Tell A Tale — Gothic Fiction
A gift for the future By Hannah Bacon
Abraham had not expected a call from The Doctor that morning. He had always been diligent about his appointments, so it was with great trepidation that Abraham knocked on
The Doctor’s door and entered.
“Abraham, come in.” The Doctor smiled, he nodded to the chair opposite him. Abraham removed his cap and sat down. The Doctor began to rummage through a large box of files at his feet.
“What is this regarding, Doctor? I haven’t missed an appointment have I?” Abraham asked, turning his cap over in his hands.

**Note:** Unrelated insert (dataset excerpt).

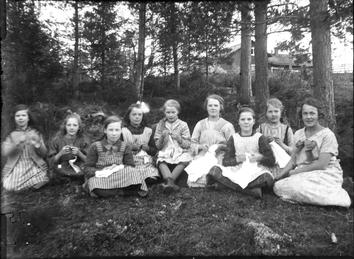 Skolklass, lärarinnan heter Hilda Hedvall, Annefors.
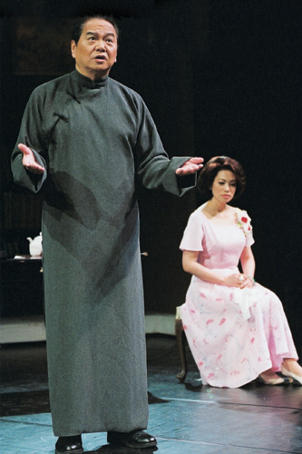 In the more than ten years since he discovered the theater, he has played emperors, company presidents, priests, and even alcoholics and a user of prostitutes. Two years ago, in another TV drama A Man at Fifty, he played a middle-aged man who, looking for his lost youth, has sex with a high-school girl. He was again nominated for the Golden Bell best actor award.

“No Abraham, it’s not about your appointments. Ah! Here it is!” The Doctor threw a thin blue file down on the desk between them. Abraham gripped his cap tightly. He had seen his usual folder, a thick tattered brown thing, many times over the forty years he had known the doctor. This was not that folder.
“No, not already.” Abraham whimpered. The Doctor leaned over and patted Abraham’s hand.
“Afraid so.” The Doctor pulled out the contract.
“Who...” Abraham paused. “Who is it?”
The Doctor gave Abraham a sympathetic smile before picking up his telephone.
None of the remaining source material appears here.